What to produce:
Would you return the listing that follows exactly, leaving its pictures behind?

Dataset section:
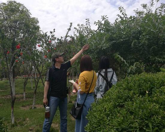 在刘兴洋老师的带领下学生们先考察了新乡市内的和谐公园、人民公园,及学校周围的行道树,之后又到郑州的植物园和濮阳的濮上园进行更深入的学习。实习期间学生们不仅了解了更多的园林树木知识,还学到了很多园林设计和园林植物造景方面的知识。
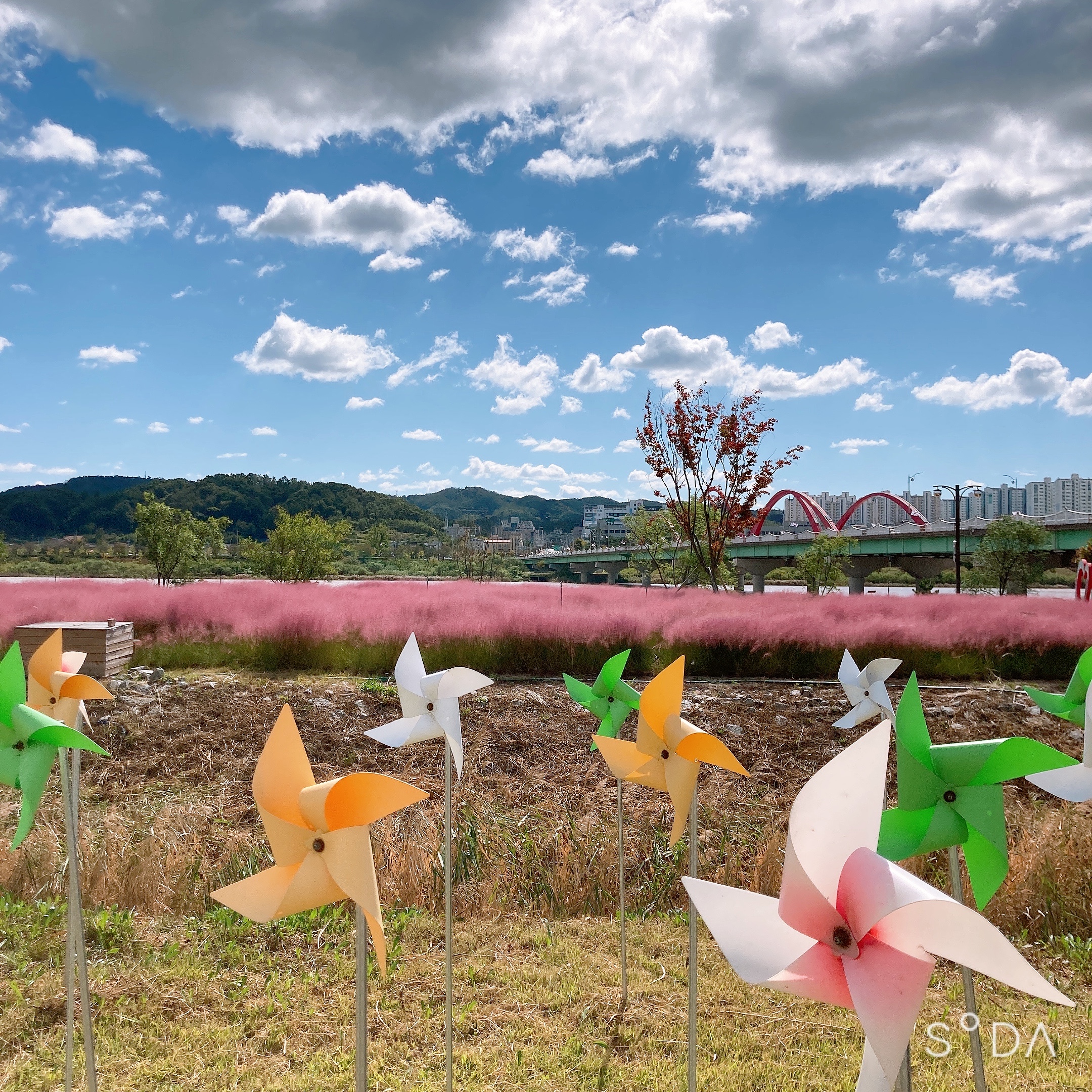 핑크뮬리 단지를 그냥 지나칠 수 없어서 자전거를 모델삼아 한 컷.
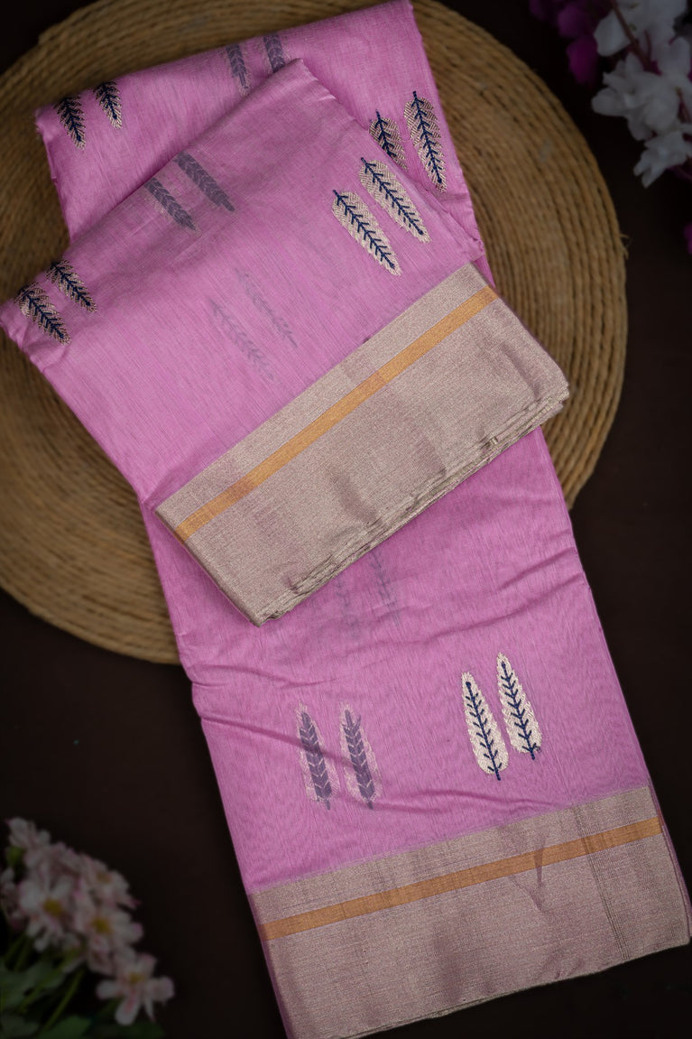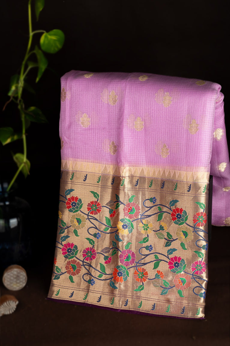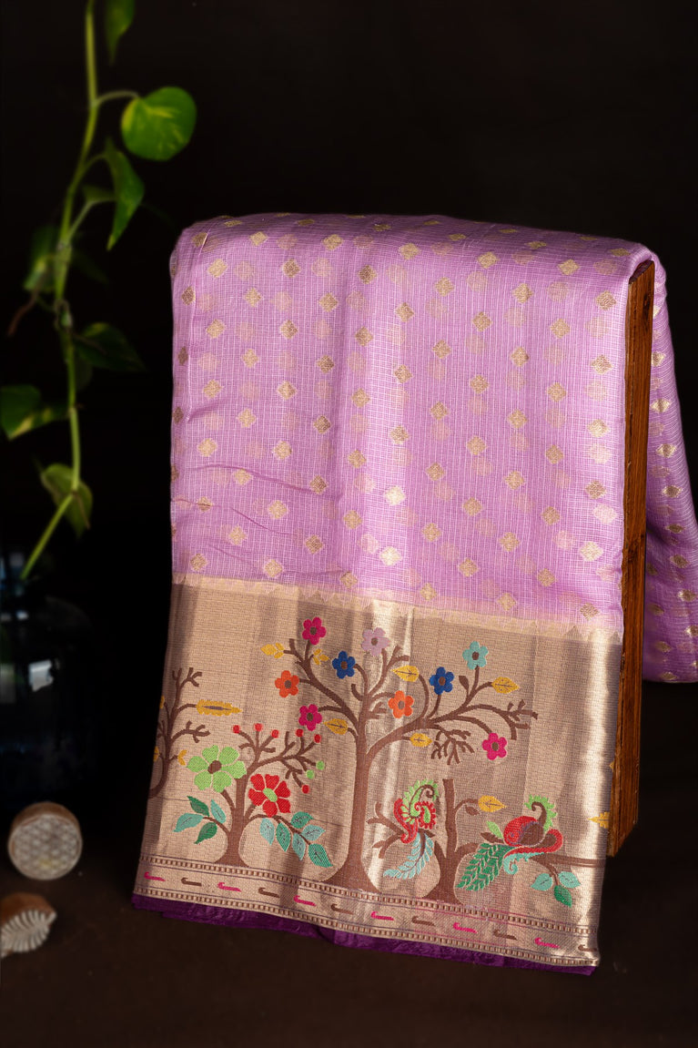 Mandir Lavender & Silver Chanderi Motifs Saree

Task result:
 在刘兴洋老师的带领下学生们先考察了新乡市内的和谐公园、人民公园,及学校周围的行道树,之后又到郑州的植物园和濮阳的濮上园进行更深入的学习。实习期间学生们不仅了解了更多的园林树木知识,还学到了很多园林设计和园林植物造景方面的知识。
 핑크뮬리 단지를 그냥 지나칠 수 없어서 자전거를 모델삼아 한 컷.
 Mandir Lavender & Silver Chanderi Motifs Saree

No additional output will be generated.